**TRY IT**
Drop every picture. Return the rest of the entries exactly.

━━━━━ DATA SUPPLIED

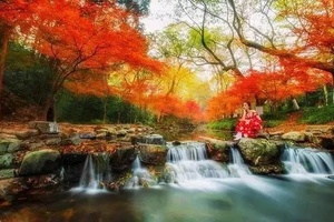 深秋之时,红色的枫叶色彩斑斓,气势上不输京都,这里就是杭城的九溪十八涧。
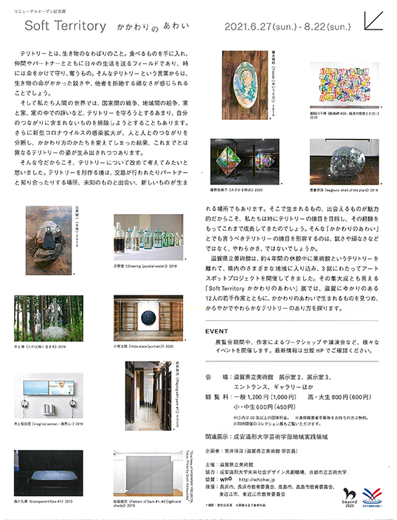 2021年6月27日(日)〜8月22日(日)まで、滋賀県立美術館にて開催されるリニューアルオープン記念展「Soft Territory かかわりのあわい」に、現代アートコース卒業生の井上裕加里さんが出品されます。
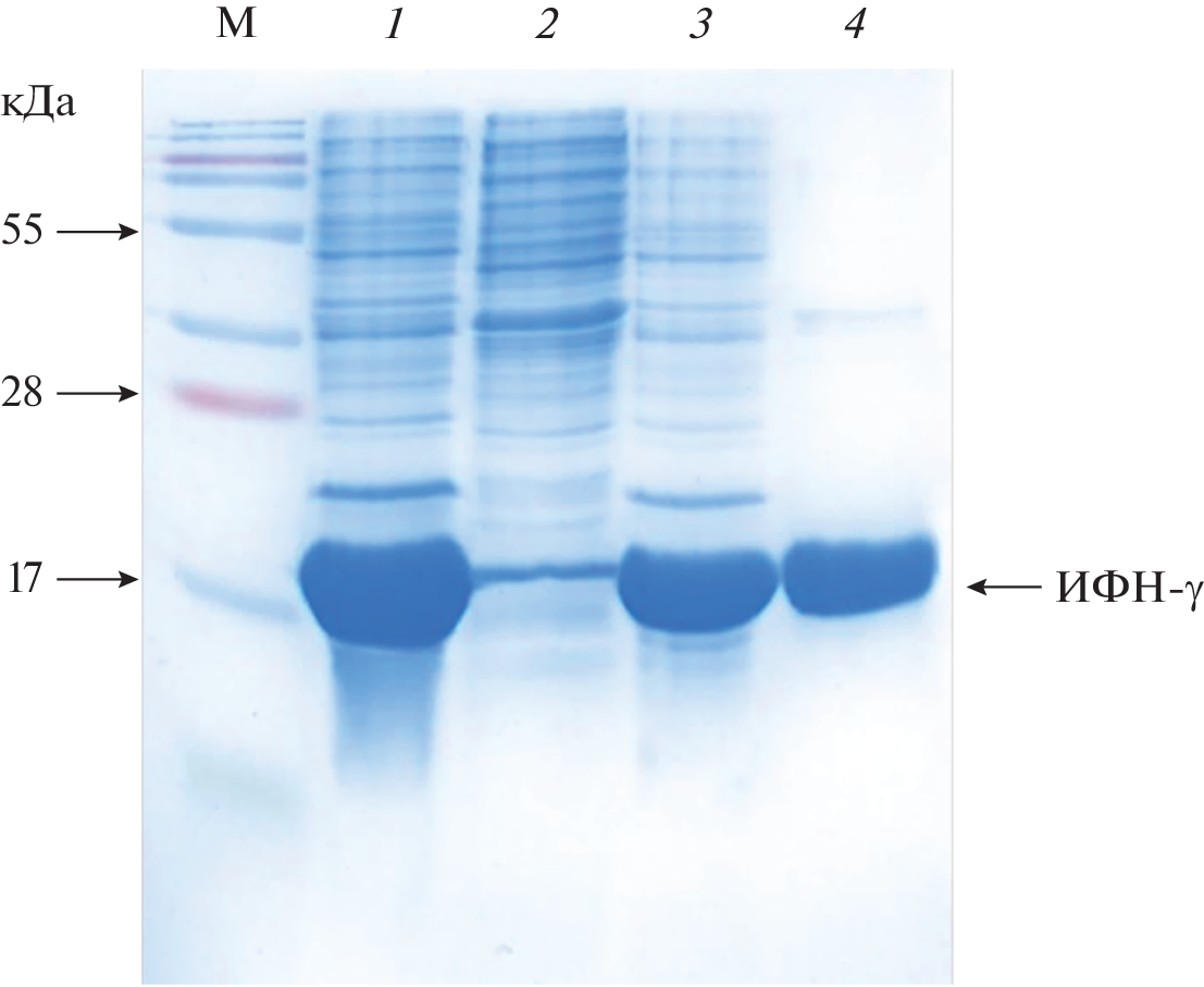 A recombinant strain producing human gamma interferon (IFN-γ) E. coli BL 21/pET-IFN-γ was constructed, providing a high level of its expression. A method has been developed for obtaining a soluble form of recombinant IFN-γ, consisting of the processes of producing a biomass of a producer strain containing a target protein in an amount of 32–37% of the total content of cellular proteins, protein isolation and purification. The purification process included the stages of disintegration, clarification of the cell lysate, chromatographic purification and dialysis. The developed method makes it possible to obtain from 1 g of wet biomass up to 5 mg of the drug with a purity of at least 95% and high specific (antiviral) activity.
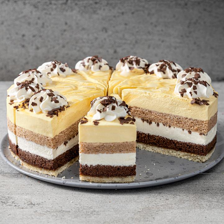 Auf einem Mürbeteigboden liegt zwischen einem dunklen und einem Nuss-Rührteigboden eine Vanille-Sahne-Füllung (25%) mit Schokoladenstückchen, bedeckt mit einer Eierlikör-Creme (30%) und verstudelter Eierlikör-Soße (6%), dekoriert mit Sahnetupfen und Schokoladenraspeln, tiefgefroren, vorgeschnitten in 12 Portionen.Conveniencegrad
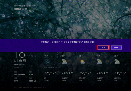 - 天気が起動します。初めて起動したときは位置情報についてのメッセージが表示されるので、「許可」ボタンをクリックまたはタップします。
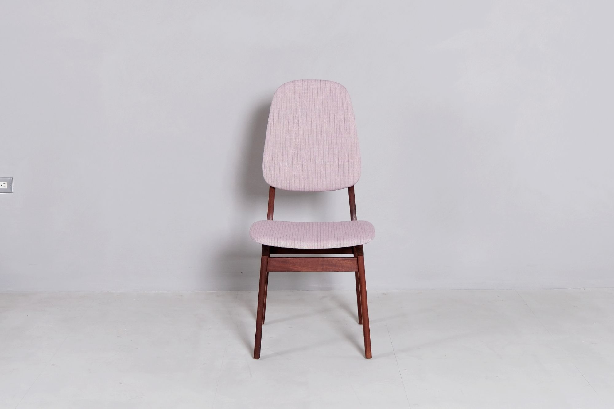 非常優雅迷人的丹麥高背餐椅,懸吊式的椅背非常貼合於人體背部,久坐不累相當舒適。在1960年代的北歐設計餐椅中這並不多見。整體框架椅柚木為主體。雖然有些極細微的使用痕跡,但整體狀況非常良好。
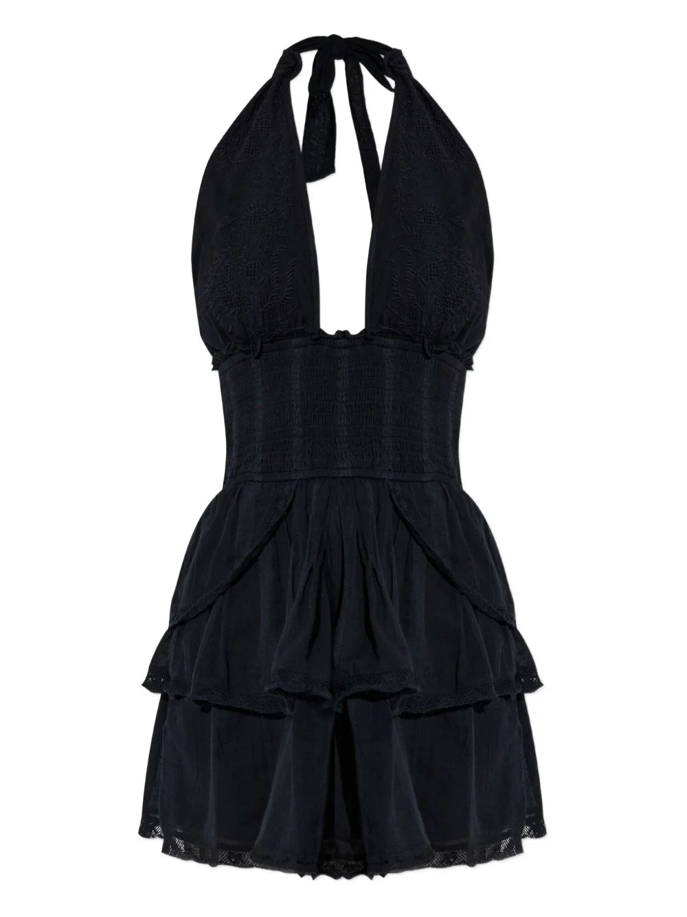Deanna mini dress Highlights - Black - Halterneck tie fastening - Smocked panel - Layered details - Lace trim Imported Composition Cotton 100% Washing instructions Hand Wash

━━━━━━━━━━

**OUTPUT OF THE EXERCISE**
 深秋之时,红色的枫叶色彩斑斓,气势上不输京都,这里就是杭城的九溪十八涧。
 2021年6月27日(日)〜8月22日(日)まで、滋賀県立美術館にて開催されるリニューアルオープン記念展「Soft Territory かかわりのあわい」に、現代アートコース卒業生の井上裕加里さんが出品されます。
 A recombinant strain producing human gamma interferon (IFN-γ) E. coli BL 21/pET-IFN-γ was constructed, providing a high level of its expression. A method has been developed for obtaining a soluble form of recombinant IFN-γ, consisting of the processes of producing a biomass of a producer strain containing a target protein in an amount of 32–37% of the total content of cellular proteins, protein isolation and purification. The purification process included the stages of disintegration, clarification of the cell lysate, chromatographic purification and dialysis. The developed method makes it possible to obtain from 1 g of wet biomass up to 5 mg of the drug with a purity of at least 95% and high specific (antiviral) activity.
 Auf einem Mürbeteigboden liegt zwischen einem dunklen und einem Nuss-Rührteigboden eine Vanille-Sahne-Füllung (25%) mit Schokoladenstückchen, bedeckt mit einer Eierlikör-Creme (30%) und verstudelter Eierlikör-Soße (6%), dekoriert mit Sahnetupfen und Schokoladenraspeln, tiefgefroren, vorgeschnitten in 12 Portionen.Conveniencegrad
 - 天気が起動します。初めて起動したときは位置情報についてのメッセージが表示されるので、「許可」ボタンをクリックまたはタップします。
 非常優雅迷人的丹麥高背餐椅,懸吊式的椅背非常貼合於人體背部,久坐不累相當舒適。在1960年代的北歐設計餐椅中這並不多見。整體框架椅柚木為主體。雖然有些極細微的使用痕跡,但整體狀況非常良好。
Deanna mini dress Highlights - Black - Halterneck tie fastening - Smocked panel - Layered details - Lace trim Imported Composition Cotton 100% Washing instructions Hand Wash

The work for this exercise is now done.